Communicating with/in Moving

Nicole Land thinking with Sanja Todorovic and Jajiba Chowdhury

In the sandbox and yard, we’ve been mulling over a questions together: how do we get to know one another through moving? What about, and how, do we notice moving when we think moving as a language? 

Carrying these questions into the playground, I was struck by how very “quiet” moments in the sand area were. The sand is often a silent place. But also, a space with lots of communicating: carrying sand, offering sand, dropping sand, moving into the shade, bumping shoulders to squeeze into the house, brushing sand off arms when someone else’s sand digging flies onto you, sticking sticks up in sand, slowly dropping sand from one person’s hand into another, picking up shovels and pouring, bumping bodies with the shovel, colliding into other shovels and buckets, and transferring sand. This makes me want to think really carefully with the question of how we notice moving when we think moving as a language. When I think of language I think of ideas like voice, expression, vocabulary, style, local understandings/particularities, and conversations. I also think about the non-innocence of language: we make words work in deliberate ways, and words create unequal, strategic, status-quo ways for us to navigate our worlds. These are, I think, my particular inherited ways of thinking about language. I want to question how these shape how I can notice moving as communicative: when I think moving with sand as a language, what do I pay attention to? Why?
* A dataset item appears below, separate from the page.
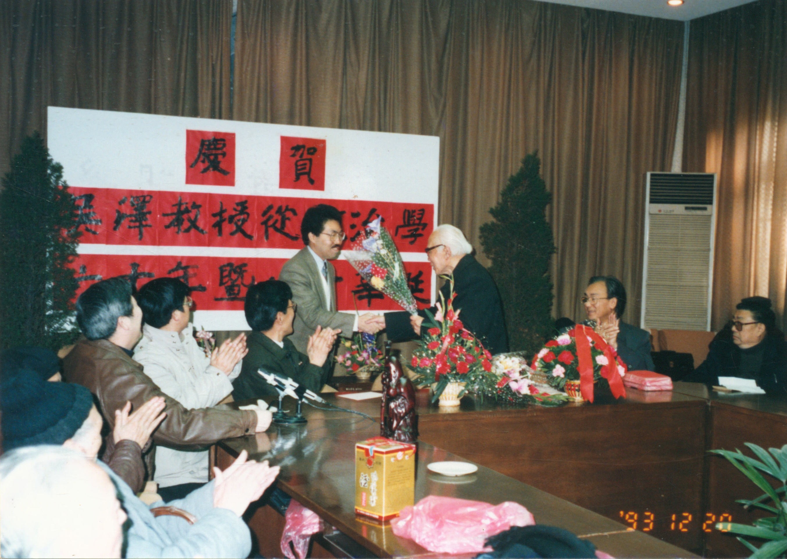 1993年12月20日,吴泽教授从教治学六十年暨八十华诞,井上聪博士献花留影
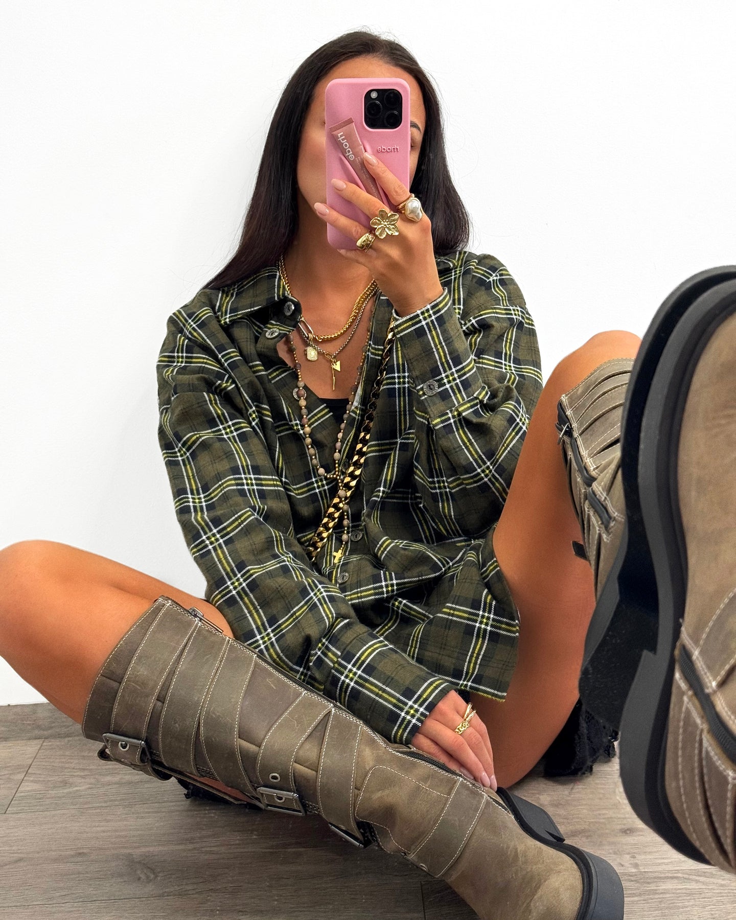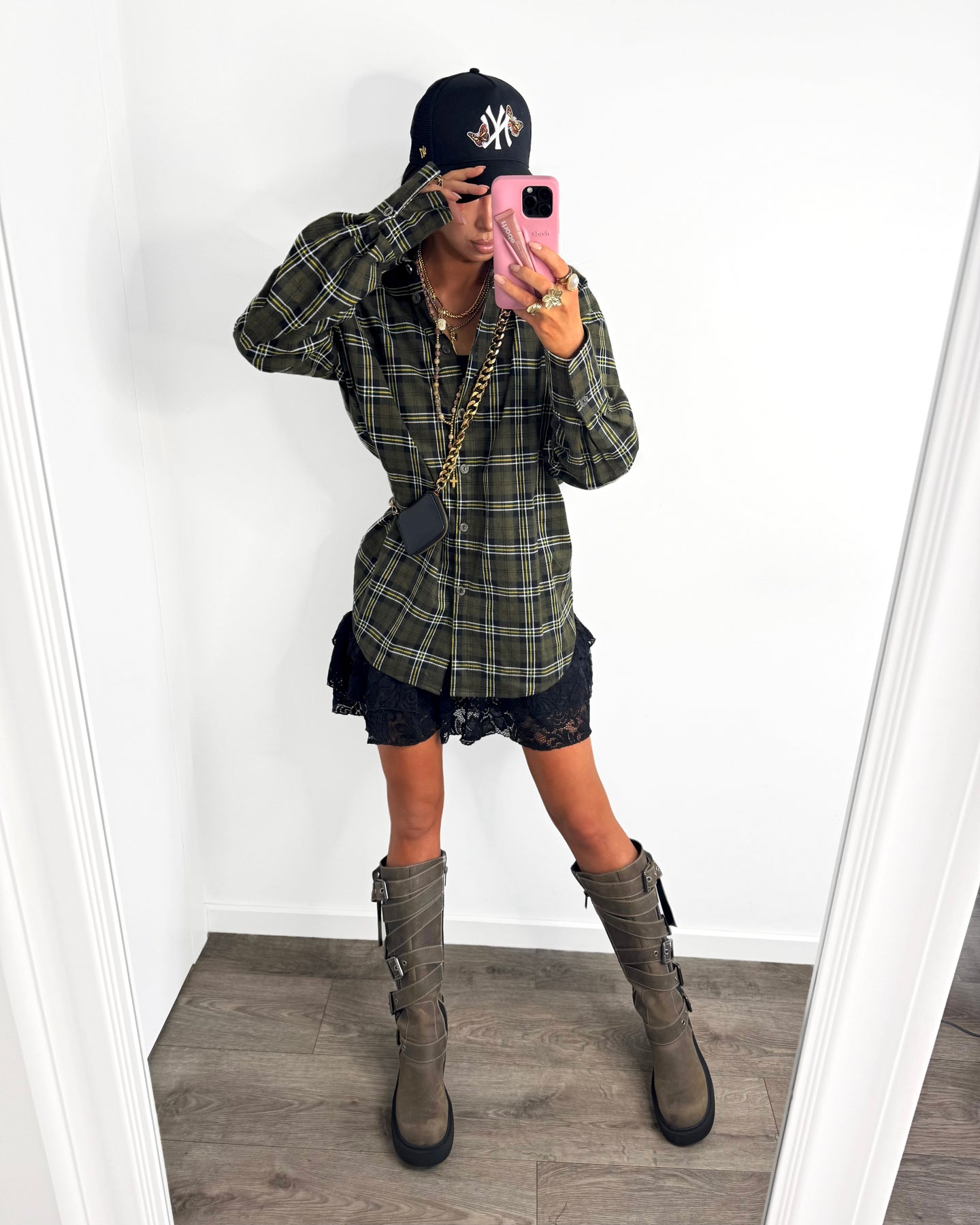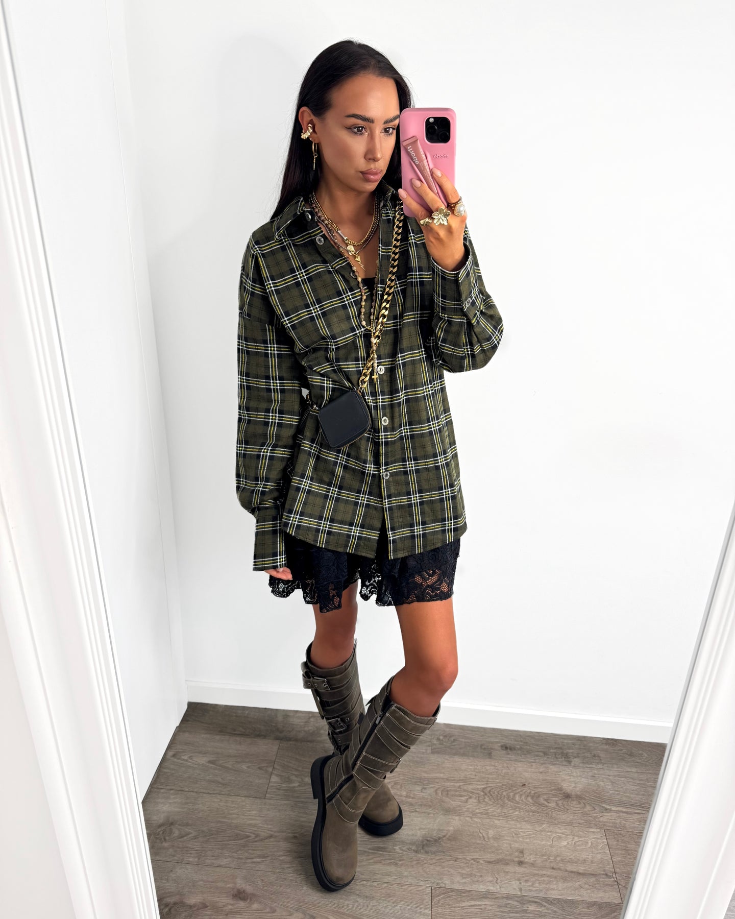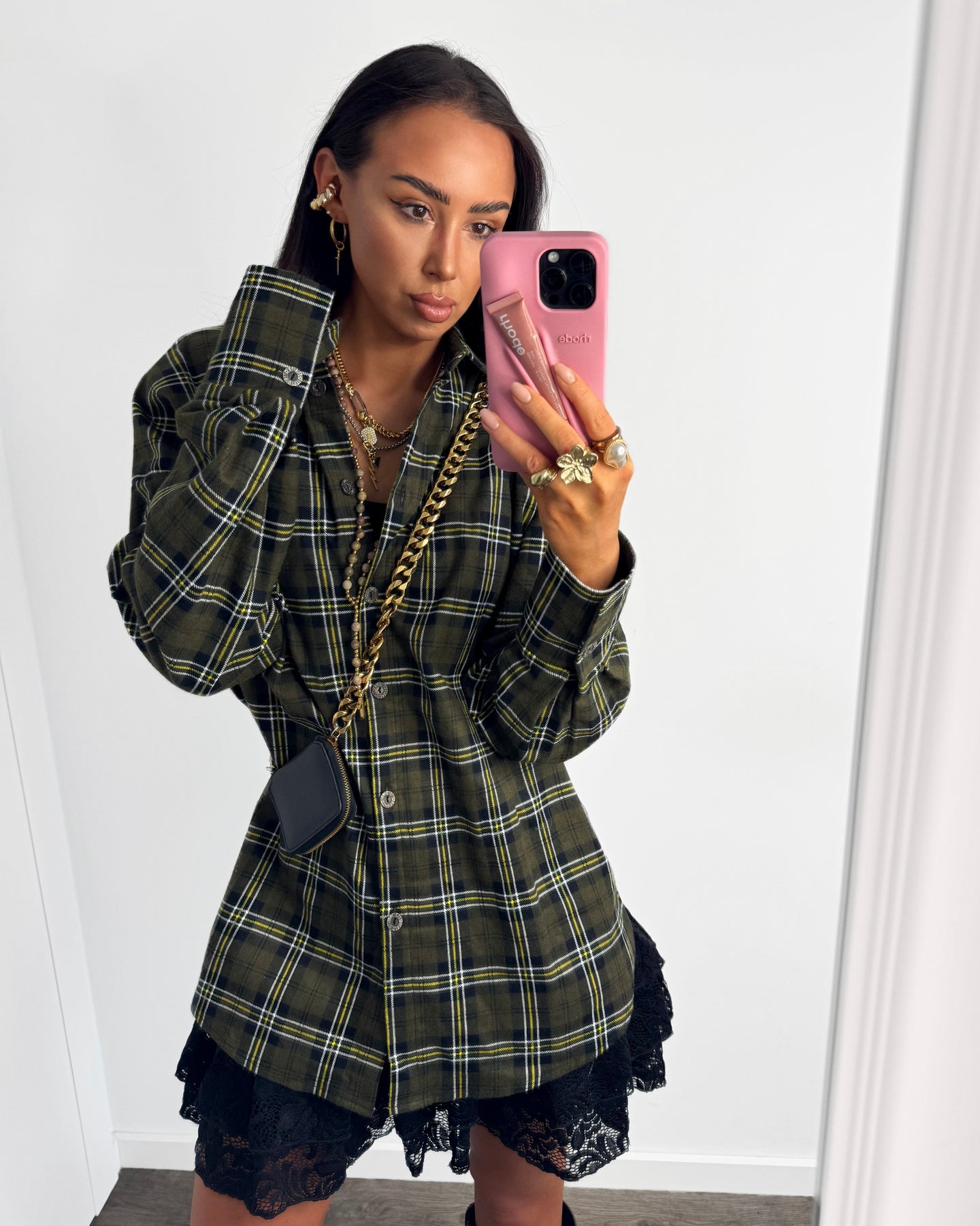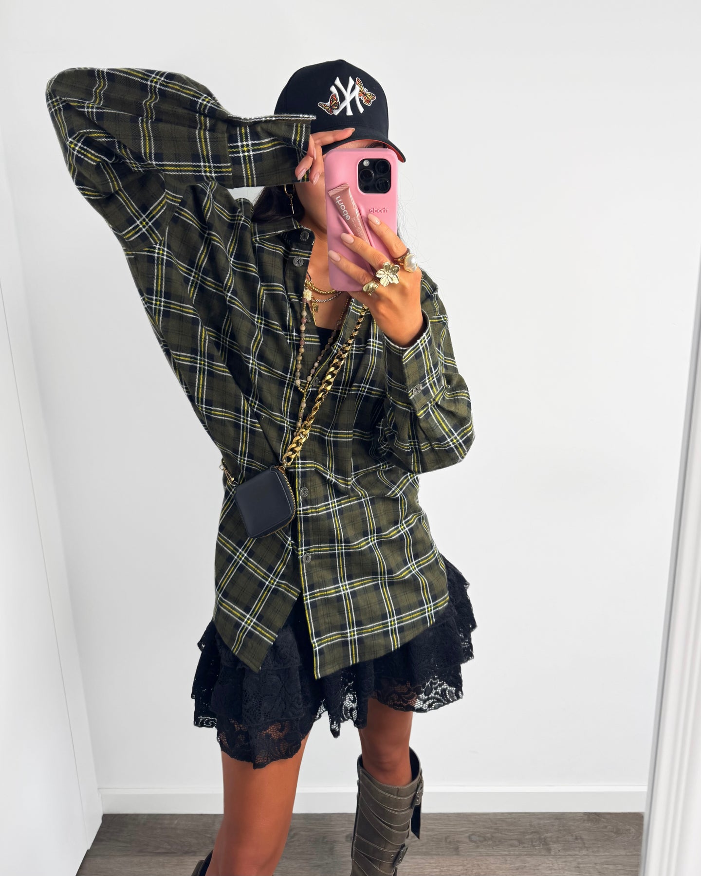 Stilingi, laisvo kirpimo marškiniai su klasikiniu languotu raštu. Tamsiai žalia, juoda ir balta spalvų paletė suteikia universalaus derinimo galimybių – puikiai tinka tiek prie džinsų, tiek sluoksniuoti ant suknelės ar šortų. Ilgesnis modelis bei „oversized“ siluetas suteikia modernumo ir komforto jausmą. Užsegami sagomis per visą ilgį, su ilgomis rankovėmis. Sudėtis : 100% medvilnė

I took a photo of a footprint one child made in sand, after another child had built a pile of sand by carrying sand with her hands. I think it can seem, in taken-for-granted ways of noticing, like a super simple, really everyday thing; a shoeprint in the sand.

When I think about moving in the ways I was taught in phys-ed, I might wonder if this footprint was made while a child was running or how steady they were as they moved over the uneven terrain of the sandbox. With ELECT, I might be curious if the child jumped (correctly) to make this footprint. I can think also of this footprint as an outcome – someone moved and made a footprint in sand. I wonder what it is – what I choose to notice and not notice – when I think about moving as communicative alongside this photo? To think this image while wondering how moving is a language is, for me, a lot more complicated. I am curious to try to notice the communicative character of this footprint: how do the traces or marks we leave invite others to respond? How do footprints become part of the lexicon we build for navigating sand together? Is this footprint something a child “made” or something a child offered? The footprint was made pretty early in our time in sand and I sat beside it for quite a while, wondering how it “does” communicating. Some children noticed the footprint and deliberately walked around it. Some didn’t register the footprint; it didn’t draw some people in. Sometimes the edges of the sand tumbled down, blurring the corners of the footprint. Someone came and smushed it flat with a shovel, keeping the height of the sand pile but making the footprint invisible. 

This makes me think so much about offering and responding: what do we offer within our moving? How do we respond to invitations and traces through moving? How are responding and offering practices of communicating with moving? I also think about what we notice and what we don’t pay attention to when we think about moving as communicative: is the sand part of how moving as a language happens outside? Are shoes? Is the rain that had left the sand a bit tacky? The stick that insisted on sticking into the side of the footprint? What possibilities might we create if we want to understand how moving as a language involves more than only humans? 

Alongside this, I am curious to think more too about how materials co-shape how moving is communicative. How do dinosaur toys, logs, shovels, shade, balls, crates, sheets, bowls, trees, sunlight, and containers participate in how we communicate through moving? How does sand entangle with thinking moving as a language? How might the choices we make about materials shift if we wonder together how materials add to how moving is relational and conversational? What ways of communicating do different materials provoke? How do different spaces invite different ways for communicating with moving? How are materials and places part of understanding moving as a language? 

We’ve been thinking together about how we create conditions to build the relations we want to build with moving with children. To layer on this question, how do we create conditions together with children, and with materials and spaces to amplify relational, communicative, joyful, conversational relations with moving? What would it be to notice, in this image, how materials and place contribute to how moving happens in communicative ways?